Model-Wise Analysis. As demonstrated in the results, different models perform differently on different datasets. Thus, we move beyond the holistic score assessment (entity F1-score) and compare the strengths and weaknesses of the models at a fine-grained level.

We analyzed the individual performance of the models and the intersections of their predicted outputs by visualizing them in several UpSet plots^{Footnote 7}. As seen in Fig. 3(a), there are approximately 70 positive instances that none of the systems was able to find. The highest intersection, approximately 340 instances, represents the true positives found by the three systems. BERT-multilingual-cased was able to find a higher number of unique true positive instances, instances not detected by the other models.

BERT-multilingual-uncased had the highest number of true positive instances cumulatively, the second-highest number of unique true positives, and the lowest number of false positive instances. This reveals the ability of the BERT-multilingual-uncased model to find the relevant instances in the dataset and to correctly predict a large proportion of the relevant data points, thus the high recall and precision, and overall F1 performance.

The overall performance is, generally, affected by the equally higher number of false positive and false negative results, as presented in Figs. 3(b, c).

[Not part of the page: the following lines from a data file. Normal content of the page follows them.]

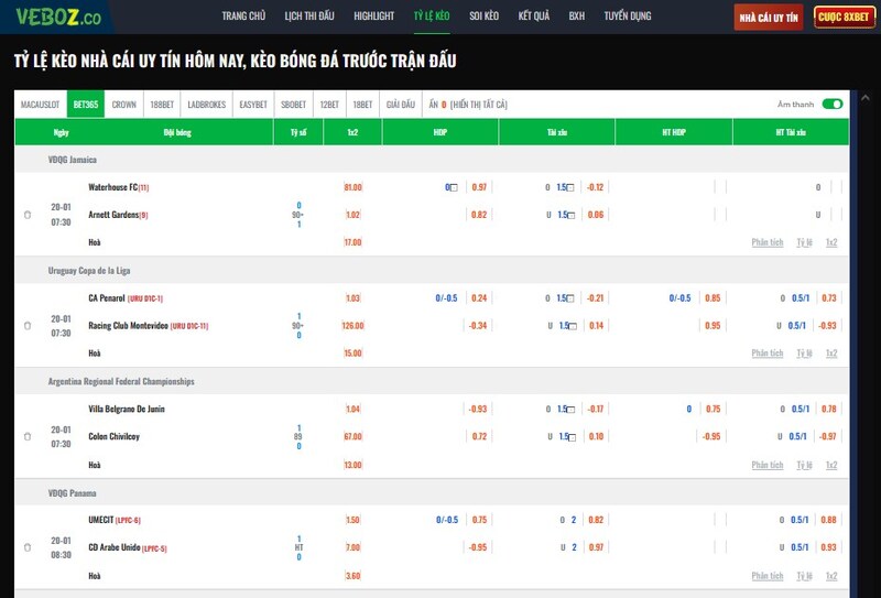Tỷ lệ kèo tại Vebo Link cập nhật liên tục và real-time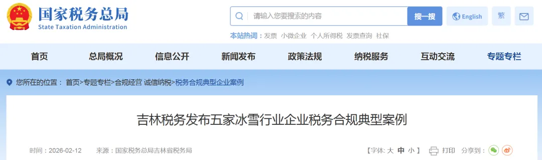 吉林省地处世界黄金冰雪带,冰雪运动与旅游成为拉动吉林省冬季消费与产业升级的重要力量。《关于推动吉林省冰雪经济高质量发展的实施意见》提到,到2027年—2028年雪季,冰雪旅游接待游客达到2.3亿人(次),到2030年,冰雪旅游接待3亿人(次),冰雪装备制造业总产值超过50亿元。随着冰雪旅游人次与产业规模的持续扩大,诚信经营与合规管理成为企业参与市场竞争的重要基石。日前,国家税务总局吉林省税务局发布五家冰雪行业企业税务合规典型案例,通过总结推广其在税务合规管理方面的先进经验,为同行业经营者提供可参考的范本,引导更多经营主体增强依法纳税意识,构建健康、规范的行业生态。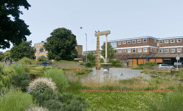 A pond will be created in the excavated roundabout area, in which an array of planting will be integrated to increase biodiversity and reintegrate marginal and aquatic species into the local environment.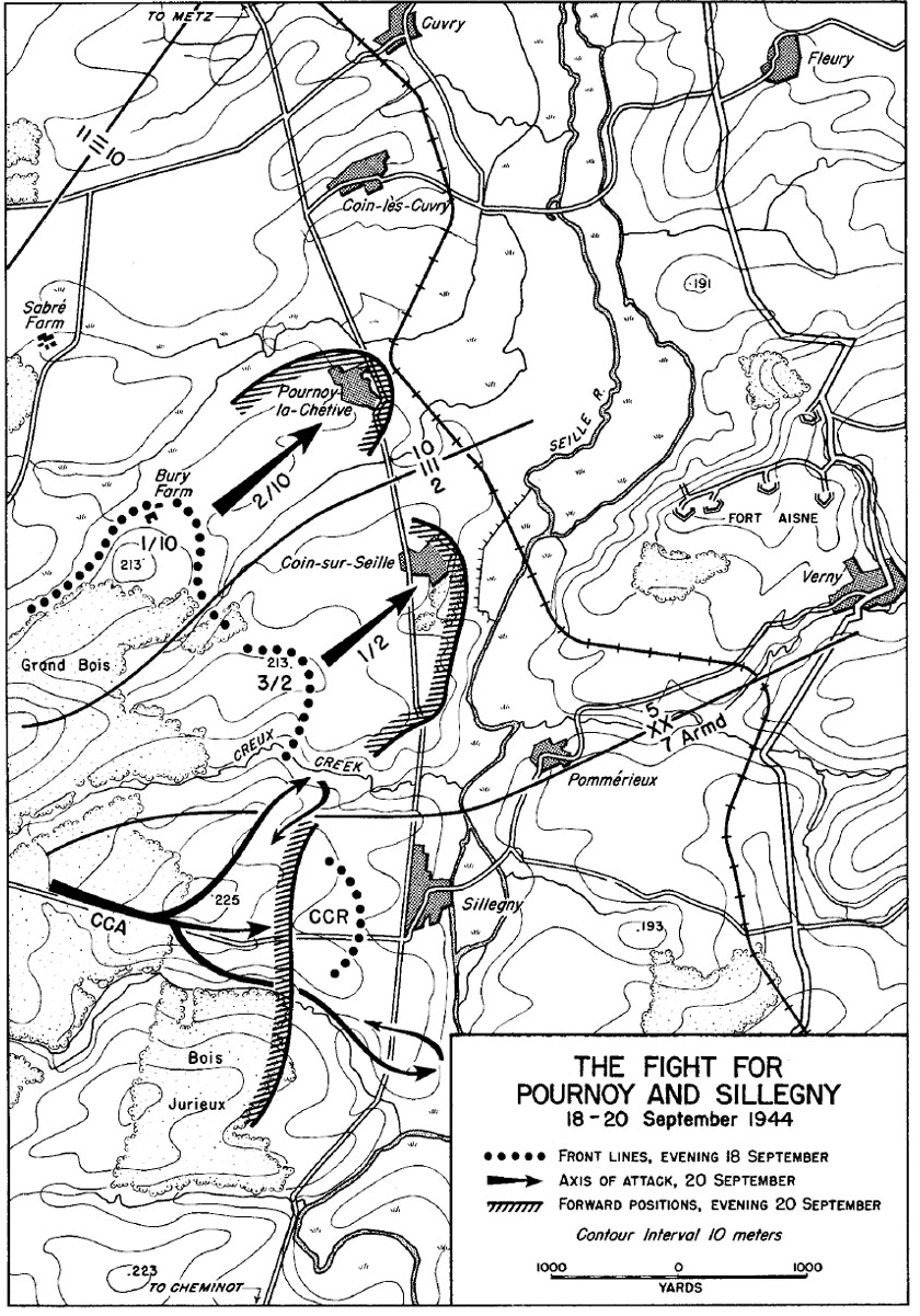 For two days, CCR of the 7th Armored Division attempted to take the town of Sillegny, in order to guard the right flank of CCA, which had to encircle the capture Metz. At last, during the afternoon of 19 September, the Americans entered the town the enemy had evacuated. However, immediately after they received a deadly shelling from the German batteries on high ground overlooking the town. The Germans now moved to counterattack with infantry and tanks.Attacker: German (Elements of the 106th Panzer Brigade)

XLM-RoBERTa-base recorded the highest false negative rate and the lowest number of true positive instances, which explains the low recall and F1 scores.

Attribute-Wise Analysis. We chose to utilize an evaluation framework for interpretable evaluation for the named entity recognition (NER) task [16] that proposes a fine-grained analysis of entity attributes and their impact on the overall performance of the information extraction systems^{Footnote 8}.

Table 4. Attribute-wise F1 scores (%) per bucket for the following entity attributes: entity length (eLen), sentence length (sLen), entity frequency (eFreq), token frequency (tFreq), out of vocabulary density (oDen), entity density (eDen), entity consistency (eCon) and token consistency (tCon).

Full size table

We conduct an attribute-wise analysis that compares how different attributes affect performance on the DAnIEL dataset, (e.g., how entity or sentence length correlates with performance). The entity attributes considered are entity length (eLen), sentence length (sLen), entity frequency (eFreq), token frequency (tFreq), out-of-vocabulary density (oDen), entity density (eDen) and label consistency. The label consistency describes the degree of label agreement of an entity on the training set. We consider both entity and token label consistencies, denoted as eCon and tCon. eCon represents the number of entities in a sentence. To perform the attribute-wise analysis, bucketing is applied, a process that breaks down the performance into different categories [16, 17, 33].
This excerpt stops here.